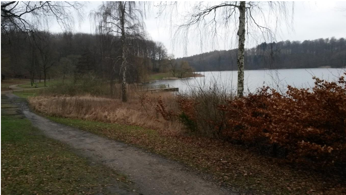
Billede fra syd over bådfartens bro, set mod området foran Krathuset.

Bådfartens bro ligger i dag let skjult af rørskov. Den går ca. 5 m på land med små grustrin fra langsgående sti ned til broen. Her er desuden et rækværk. Broen er i pæn stand og har platform med bænk. Bro og sti fjernes i forbindelse med projektet.
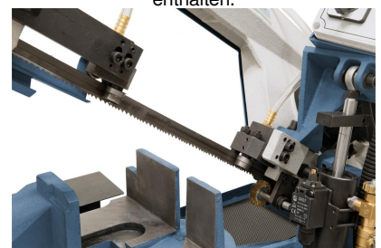
Kugelgelagerte Sägebandführung für präzise Schnitte
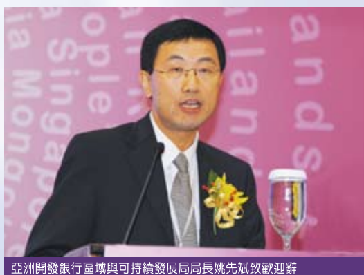
亞洲開發銀行區域與可持續發展局局長姚先斌致歡迎辭
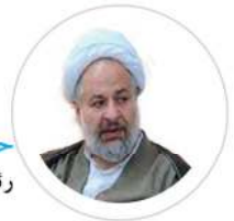
حجت الاسلام روح الامین کلباسی رئیس کنفرانس

مدیر گروه پژوهشی ITM دانشگاه اصفهان استاد تمام دانشگاه اصفهان
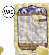
Potatis 4801525, 30/40, 6x2 kg
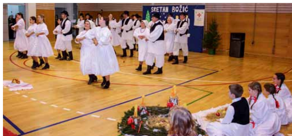
Božićni program KUD-a Salinovec
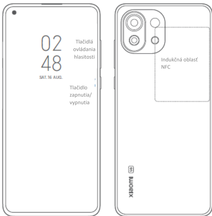
Port USB typu C
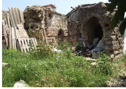
Resim 10: Hamam kalıntısı Subaşı Köyü 15 Haziran 2013
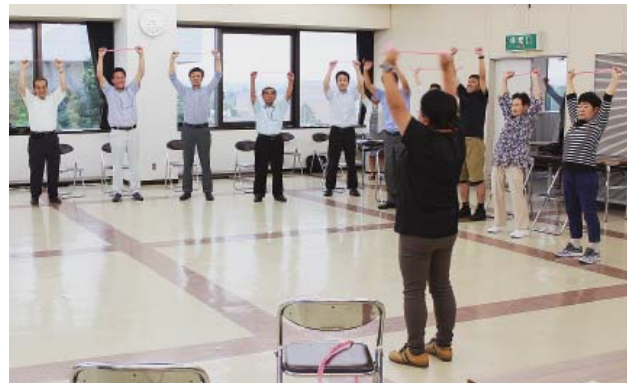
筋力向上体操で心と身体の健康づくり

また、セミナー終了後には、十和田商工会館を会場に開催された十和田納涼まつりへ参加して、参加者相互の親睦を深めた。
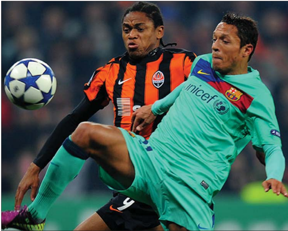
A katalán sztárok (zöld mezben) Donyeckben csak annyira bővítették a labdát, amennyire kellett

Továbbjutásával a Manchester United rendkívül eredményes idényzárásnak néz elébe, hiszen a BL-éldöntő mellett ott van a legjobb négy között az angol FA Kupában is, a Premier League-ben pedig hovatovább biztosnak látszik a bajnoki cím, akkora előnnyel áll az élen a gárda. Ugyanakkor a Chelsea háza táján okkal le-
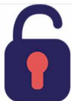
LES FORMATIONS EN AUTO-INSCRIPTION
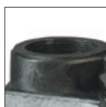
Salida de 1.5"
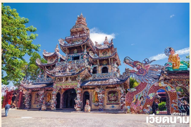
มัทจักรรย์ เวียดนาม ญางาง • ดาลัด

📍 จากนั้น นำท่านชม เจดีย์มังกร (Linh Phuoc Pagoda) “วัดลิงเฟือก” หรือดินแดนแห่งสวรรค์ เป็นวัดพุทธนิกายเซน ตกแต่งด้วยศิลปะจากเซรามิค วิหารด้านในสวยงามด้วยเซรามิคหลากหลายสี มีหอรระฆัง 7 ชั้นที่ถือว่าสูงที่สุดในเวียดนาม ผนังด้านบนมีภาพกิจกรรมฝาผนังเขียนพุทธประวัติของพระพุทธเจ้า ตั้งแต่ประสูติ ตรัสรู้ ปรีณิพพาน นอกจากนี้ยังมีเจ้าแม่กวนอิมปางยืนยกมือประทานพรที่ทำจากดอกกระดาษขนาดใหญ่ให้ชาวพุทธได้กราบไหว้อีกด้วย
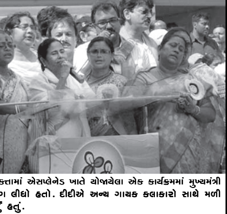
શહીદ દિન નિમિત્તે કોલકતામાં એસએલવેડ ખાતે યોજાતા એક કાર્યક્રમમાં મુખ્યમંત્રી સુશી મહા બેનરજીએ ભાગ લીધો હતો. દીદીએ અન્ય ગાયક કલાકારો સાથે મળી દેશભક્ત ગીત પણ લલકાર્યું હતું.

કોર્ટે બાલકૃષ્ણની જામીન અરજીને આખરે ફગાવી દેહરાદૂન, તા. ૨૧ સીબીઆઈ કોર્ટે યોગપુર બાબા રામદેવનાં નજીકનાં સાથી બાલકૃષ્ણની જામીન અરજી ફગાવી દીધી હતી. બિનજામીનપાત્ર ચોરેટ તેમની સામે કોર્ટ દ્વારા જાહેર કરવામાં આવ્યા બાદ સીબીઆઈએ ચોરકાલે બાલકૃષ્ણની ધરપકડ કરી હતી. બનાવટી દસ્તાવેજોનાં કેસમાં બાલકૃષ્ણની ધરપકડ થઈ હતી. ૮ ઓગસ્ટથી ભસ્ત્રવાર અને કળાના ધારા મામલે બાબા રામદેવ આંદોલન શરૂ કરનાર છે. રાષ્ટ્રીય પાટનગરમાં રામલીલા મેદાનમાં આંદોલન શરૂ થનાર છે. ૧૦ જુલાઈએ એજન્સીઓ કથિત બનાવટની રજૂઆત સાથે સંબંધિત કેસમાં બાલકૃષ્ણ સામે કેસ દાખલ કર્યો હતો. ભારતીય પાસપોર્ટ મેળવવા બીગેસ દસ્તાવેજોનો ઉપયોગ કરાયો હતો. એવી ફરિયાદ પણ છે કે આરોપીએ ભારતીય પાસપોર્ટ મેળવવા ખોટી તરકીબ આજમાવી હતી.
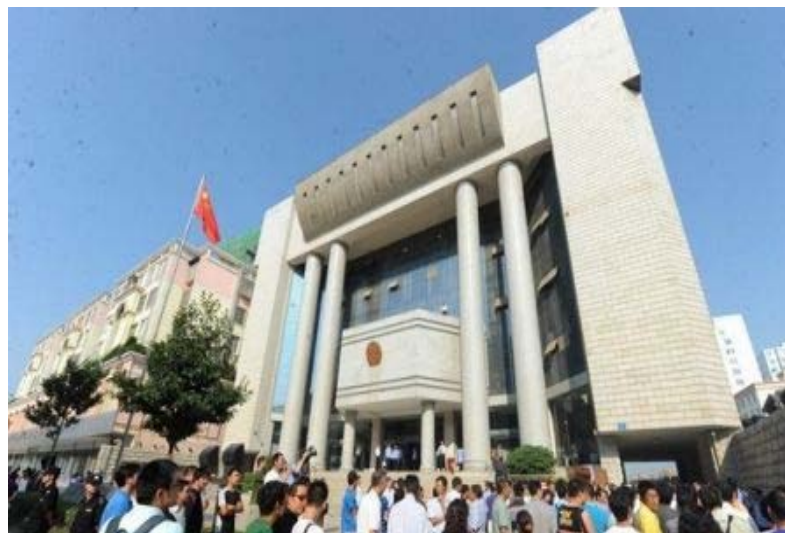
再审开庭后的昭通中院外场景

2009年5月16日，李昌奎强奸杀害少女王家飞，并将王家飞3岁的弟弟摔死。之后，李昌奎潜逃。2009年5月20日，李昌奎出逃4天后，逃至四川省普格县时向城关派出所投案自首，被采取刑事拘留措施，同年6月3日被批准逮捕。
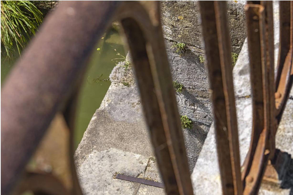
Détail de l'échelle de crue sur la culée du pont.
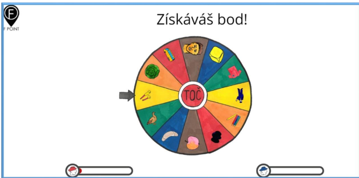
Obrázek 2 Kolo štěstí - Získáváš bod!
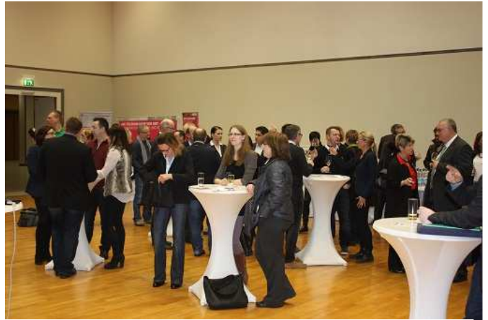
Die Selbständigen nutzten das Unternehmertreffen Pfalz um neue Kontakte zu knüpfen.
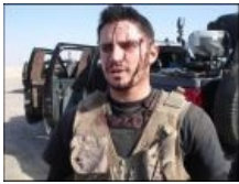
Издержки трудовых будней
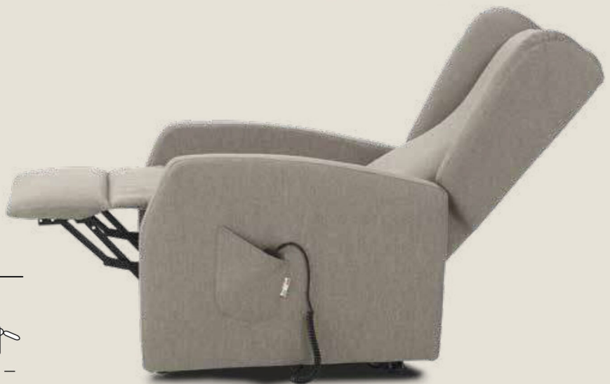
POLTRONA TRILLY CON TIPOLOGIA BRACCIOLO 3
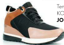
Tenisky, HOLMANN KOMFORT, JOHN GARFIELD 35,00€
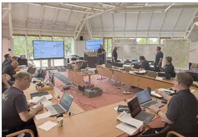
Arbeit der Technischen Einsatzleitung im Stabsraum in der Kreisverwaltung
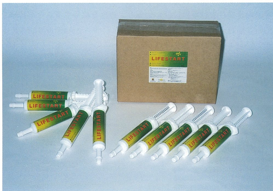
プロテキシン・ライフスタート (子豚・子牛用) 30ml×10本/1ケース
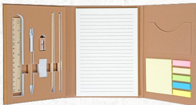
CJ40035 Kit Escritório
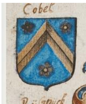
10. Cobel: in blauw een hoge gouden keper, vergezeld boven van twee en in de schildvoet van één zilveren roos.
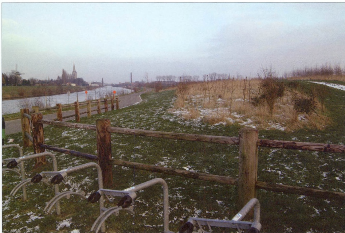
Milieuvriendelijke inrichtingswerken nabij de Leie in Wervik

Om de positie van die grensdorpen en -steden te verbeteren, kunnen enerzijds maatregelen worden genomen om knelpunten weg te werken (nieuwe functies voor douanegebouwen, kwaliteitsverbetering van straatbeeld en publiek domein, geleiding van grensshoppers en terugdringing van de overlast, ...) en anderzijds initiatieven worden ontwikkeld om nieuwe functies op te nemen, vooral dan rond typische (culturele, recreatief/toeristische of commerciële) grensproducten. Een bijzonder fenomeen in dat verband is de Grensleie in Wervik en Menen, met de wens naar bijkomende of nieuwe verbindingen.
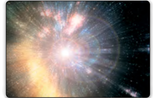
Die Bibel offenbart, dass das göttliche Wesen, das später als Jesus Christus auf der Erde lebte, derjenige war, der „alle Dinge erschaffen hat“ und als Gott mit den Menschen im Alten Testament interagierte.

Diese Bibelstelle ist allumfassend. Jesus schuf alles, „was im Himmel“ ist – das gesamte Engelreich, welches eine unzählbare Anzahl von Engeln umfasst. Dazu
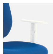
438 BI Coppia braccioli regolabili in nylon bianco. Pair of adjustable white nylon armrests.
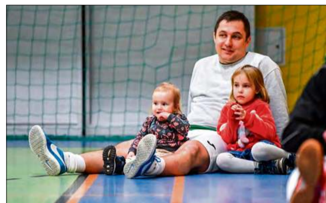
Wydarzenia ostatniego dnia ligi obserwowały całe rodziny.
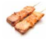
Y9 Shake Yaki (Saumon) 4.80€
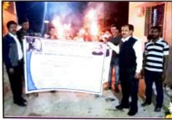
ग्राम खेडा येथे दि. २९ नोव्हेंबर २०१८ रोजी संविधान जनजागृती कार्यक्रमाची मशाल रॅली
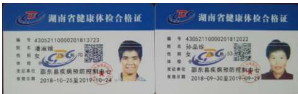
图I-1 厨师健康证组图
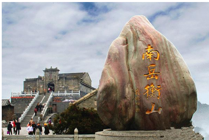
南岳衡山 by 文and文兄
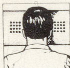
Richtige Kopflage: mit HOLLYBED

■ ■ ■ ■ ■

REQUIRED WORK:
Please transcribe the whole listing above exactly, with the images left out.

ANSWER SECTION:
Billede fra syd over bådfartens bro, set mod området foran Krathuset.

Bådfartens bro ligger i dag let skjult af rørskov. Den går ca. 5 m på land med små grustrin fra langsgående sti ned til broen. Her er desuden et rækværk. Broen er i pæn stand og har platform med bænk. Bro og sti fjernes i forbindelse med projektet.
Kugelgelagerte Sägebandführung für präzise Schnitte
亞洲開發銀行區域與可持續發展局局長姚先斌致歡迎辭
حجت الاسلام روح الامین کلباسی رئیس کنفرانس

مدیر گروه پژوهشی ITM دانشگاه اصفهان استاد تمام دانشگاه اصفهان
Potatis 4801525, 30/40, 6x2 kg
Božićni program KUD-a Salinovec
Port USB typu C
Resim 10: Hamam kalıntısı Subaşı Köyü 15 Haziran 2013
筋力向上体操で心と身体の健康づくり

また、セミナー終了後には、十和田商工会館を会場に開催された十和田納涼まつりへ参加して、参加者相互の親睦を深めた。
A katalán sztárok (zöld mezben) Donyeckben csak annyira bővítették a labdát, amennyire kellett

Továbbjutásával a Manchester United rendkívül eredményes idényzárásnak néz elébe, hiszen a BL-éldöntő mellett ott van a legjobb négy között az angol FA Kupában is, a Premier League-ben pedig hovatovább biztosnak látszik a bajnoki cím, akkora előnnyel áll az élen a gárda. Ugyanakkor a Chelsea háza táján okkal le-
LES FORMATIONS EN AUTO-INSCRIPTION
Salida de 1.5"
มัทจักรรย์ เวียดนาม ญางาง • ดาลัด

📍 จากนั้น นำท่านชม เจดีย์มังกร (Linh Phuoc Pagoda) “วัดลิงเฟือก” หรือดินแดนแห่งสวรรค์ เป็นวัดพุทธนิกายเซน ตกแต่งด้วยศิลปะจากเซรามิค วิหารด้านในสวยงามด้วยเซรามิคหลากหลายสี มีหอรระฆัง 7 ชั้นที่ถือว่าสูงที่สุดในเวียดนาม ผนังด้านบนมีภาพกิจกรรมฝาผนังเขียนพุทธประวัติของพระพุทธเจ้า ตั้งแต่ประสูติ ตรัสรู้ ปรีณิพพาน นอกจากนี้ยังมีเจ้าแม่กวนอิมปางยืนยกมือประทานพรที่ทำจากดอกกระดาษขนาดใหญ่ให้ชาวพุทธได้กราบไหว้อีกด้วย
શહીદ દિન નિમિત્તે કોલકતામાં એસએલવેડ ખાતે યોજાતા એક કાર્યક્રમમાં મુખ્યમંત્રી સુશી મહા બેનરજીએ ભાગ લીધો હતો. દીદીએ અન્ય ગાયક કલાકારો સાથે મળી દેશભક્ત ગીત પણ લલકાર્યું હતું.

કોર્ટે બાલકૃષ્ણની જામીન અરજીને આખરે ફગાવી દેહરાદૂન, તા. ૨૧ સીબીઆઈ કોર્ટે યોગપુર બાબા રામદેવનાં નજીકનાં સાથી બાલકૃષ્ણની જામીન અરજી ફગાવી દીધી હતી. બિનજામીનપાત્ર ચોરેટ તેમની સામે કોર્ટ દ્વારા જાહેર કરવામાં આવ્યા બાદ સીબીઆઈએ ચોરકાલે બાલકૃષ્ણની ધરપકડ કરી હતી. બનાવટી દસ્તાવેજોનાં કેસમાં બાલકૃષ્ણની ધરપકડ થઈ હતી. ૮ ઓગસ્ટથી ભસ્ત્રવાર અને કળાના ધારા મામલે બાબા રામદેવ આંદોલન શરૂ કરનાર છે. રાષ્ટ્રીય પાટનગરમાં રામલીલા મેદાનમાં આંદોલન શરૂ થનાર છે. ૧૦ જુલાઈએ એજન્સીઓ કથિત બનાવટની રજૂઆત સાથે સંબંધિત કેસમાં બાલકૃષ્ણ સામે કેસ દાખલ કર્યો હતો. ભારતીય પાસપોર્ટ મેળવવા બીગેસ દસ્તાવેજોનો ઉપયોગ કરાયો હતો. એવી ફરિયાદ પણ છે કે આરોપીએ ભારતીય પાસપોર્ટ મેળવવા ખોટી તરકીબ આજમાવી હતી.
再审开庭后的昭通中院外场景

2009年5月16日，李昌奎强奸杀害少女王家飞，并将王家飞3岁的弟弟摔死。之后，李昌奎潜逃。2009年5月20日，李昌奎出逃4天后，逃至四川省普格县时向城关派出所投案自首，被采取刑事拘留措施，同年6月3日被批准逮捕。
Détail de l'échelle de crue sur la culée du pont.
Obrázek 2 Kolo štěstí - Získáváš bod!
Die Selbständigen nutzten das Unternehmertreffen Pfalz um neue Kontakte zu knüpfen.
Издержки трудовых будней
POLTRONA TRILLY CON TIPOLOGIA BRACCIOLO 3
Tenisky, HOLMANN KOMFORT, JOHN GARFIELD 35,00€
Arbeit der Technischen Einsatzleitung im Stabsraum in der Kreisverwaltung
プロテキシン・ライフスタート (子豚・子牛用) 30ml×10本/1ケース
CJ40035 Kit Escritório
10. Cobel: in blauw een hoge gouden keper, vergezeld boven van twee en in de schildvoet van één zilveren roos.
Milieuvriendelijke inrichtingswerken nabij de Leie in Wervik

Om de positie van die grensdorpen en -steden te verbeteren, kunnen enerzijds maatregelen worden genomen om knelpunten weg te werken (nieuwe functies voor douanegebouwen, kwaliteitsverbetering van straatbeeld en publiek domein, geleiding van grensshoppers en terugdringing van de overlast, ...) en anderzijds initiatieven worden ontwikkeld om nieuwe functies op te nemen, vooral dan rond typische (culturele, recreatief/toeristische of commerciële) grensproducten. Een bijzonder fenomeen in dat verband is de Grensleie in Wervik en Menen, met de wens naar bijkomende of nieuwe verbindingen.
Die Bibel offenbart, dass das göttliche Wesen, das später als Jesus Christus auf der Erde lebte, derjenige war, der „alle Dinge erschaffen hat“ und als Gott mit den Menschen im Alten Testament interagierte.

Diese Bibelstelle ist allumfassend. Jesus schuf alles, „was im Himmel“ ist – das gesamte Engelreich, welches eine unzählbare Anzahl von Engeln umfasst. Dazu
438 BI Coppia braccioli regolabili in nylon bianco. Pair of adjustable white nylon armrests.
Wydarzenia ostatniego dnia ligi obserwowały całe rodziny.
Y9 Shake Yaki (Saumon) 4.80€
ग्राम खेडा येथे दि. २९ नोव्हेंबर २०१८ रोजी संविधान जनजागृती कार्यक्रमाची मशाल रॅली
图I-1 厨师健康证组图
南岳衡山 by 文and文兄
Richtige Kopflage: mit HOLLYBED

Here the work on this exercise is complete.